What you output must be the exact lines from the first line of the data through the one holding "Postauto - Mercedes", with no pictures.

DATA BLOCK.
+ + + + +
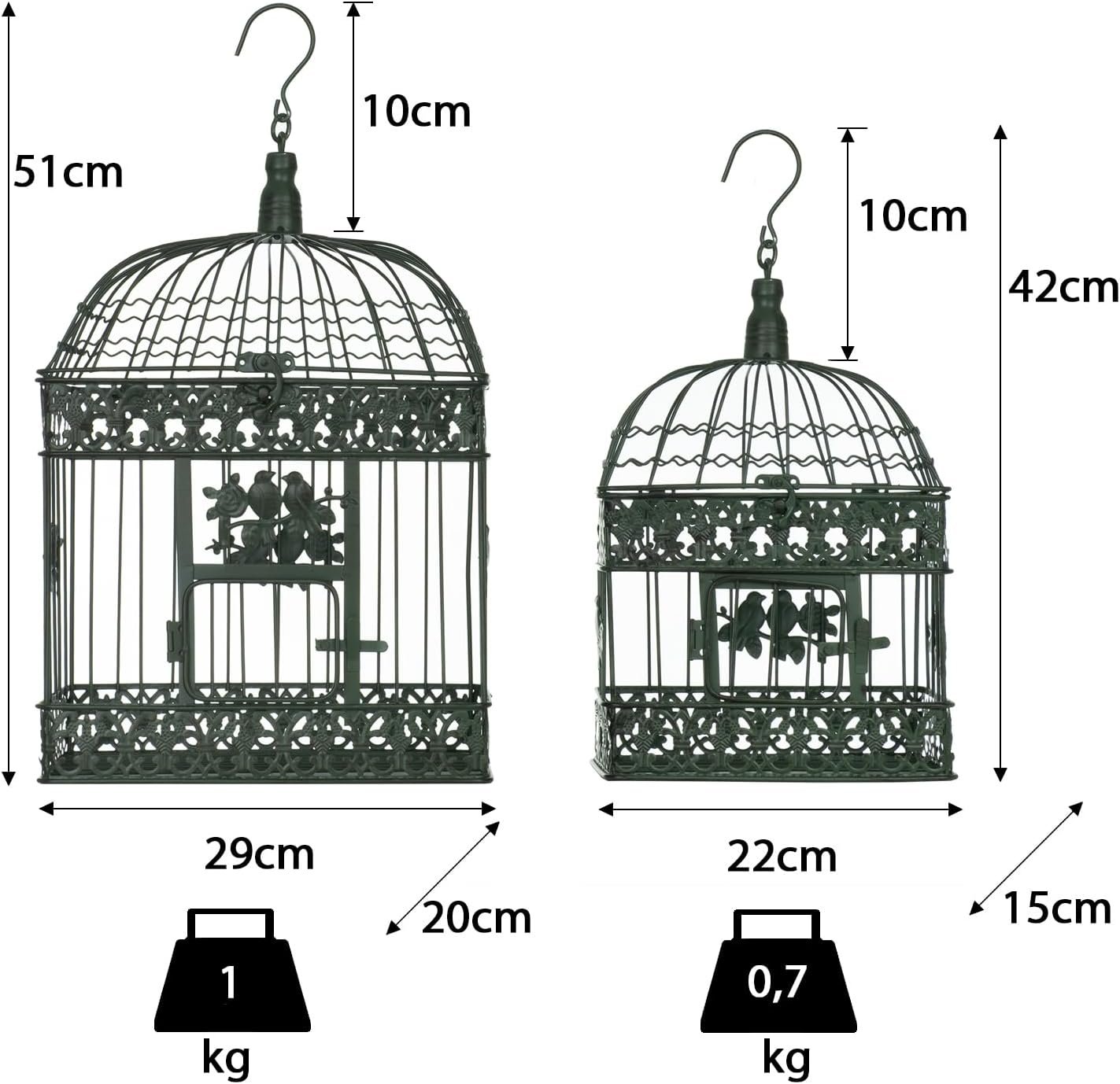 Dieses dekorative Käfigset im Vintage-Stil verleiht jedem Raum oder Garten eine romantische Note. Die liebevoll gestalteten Metallkäfige in Altgrün sind mit filigranen Ornamenten und Blumenmotiven verziert. Sie eignen sich hervorragend für Hängedekorationen, Kerzenhalter, Blumendekorationen oder Tischdekorationen für Hochzeiten, Partys oder das Zuhause. Mit Höhen von ca. Mit einer Größe von ca. 51 cm und 42 cm sind sie im Innen- und Außenbereich ein stilvoller Blickfang.
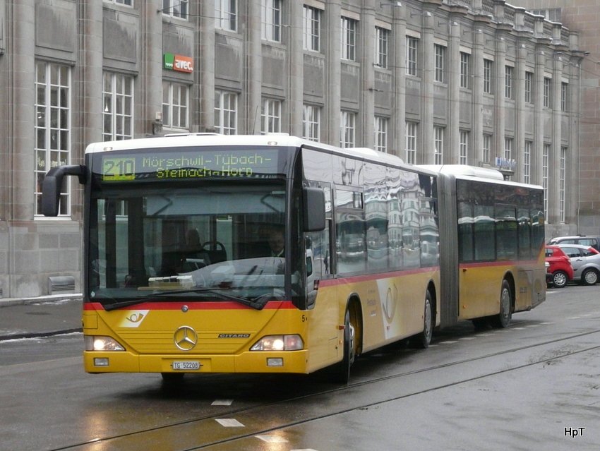 Postauto - Mercedes Citaro TG 52208 unterwegs auf der Linie 210 in der Stadt St.Gallen am 10.01.2010
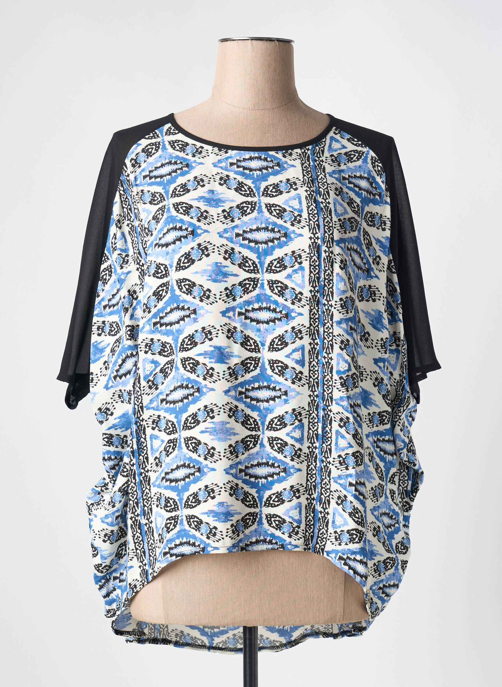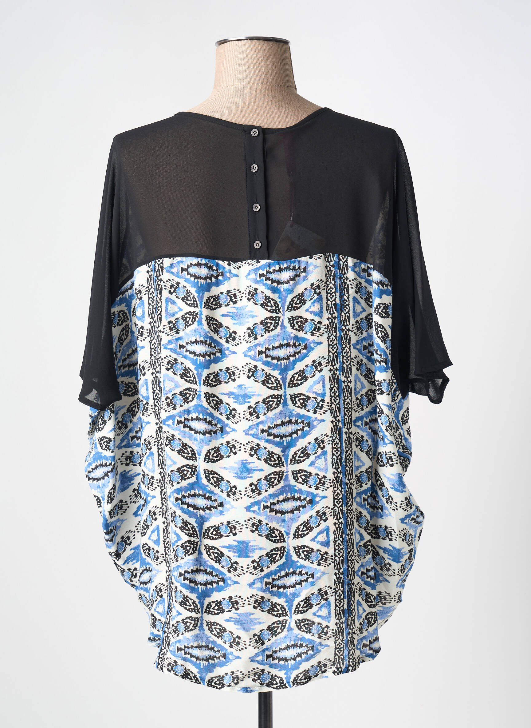 Profitez d’un bon plan mode avec cette blouse LOLITAS & LOLOS pour femme qui séduit par son imprimé géométrique bleu et blanc rehaussé de manches noires légèrement transparentes, idéale pour donner une touche de fraîcheur et d’originalité à votre garde-robe sans vous ruiner. Sa coupe ample et fluide assure un confort au quotidien, parfait pour créer un look tendance à petit prix.
+ + + + +
TASK SOLUTION.
 Dieses dekorative Käfigset im Vintage-Stil verleiht jedem Raum oder Garten eine romantische Note. Die liebevoll gestalteten Metallkäfige in Altgrün sind mit filigranen Ornamenten und Blumenmotiven verziert. Sie eignen sich hervorragend für Hängedekorationen, Kerzenhalter, Blumendekorationen oder Tischdekorationen für Hochzeiten, Partys oder das Zuhause. Mit Höhen von ca. Mit einer Größe von ca. 51 cm und 42 cm sind sie im Innen- und Außenbereich ein stilvoller Blickfang.
 Postauto - Mercedes Citaro TG 52208 unterwegs auf der Linie 210 in der Stadt St.Gallen am 10.01.2010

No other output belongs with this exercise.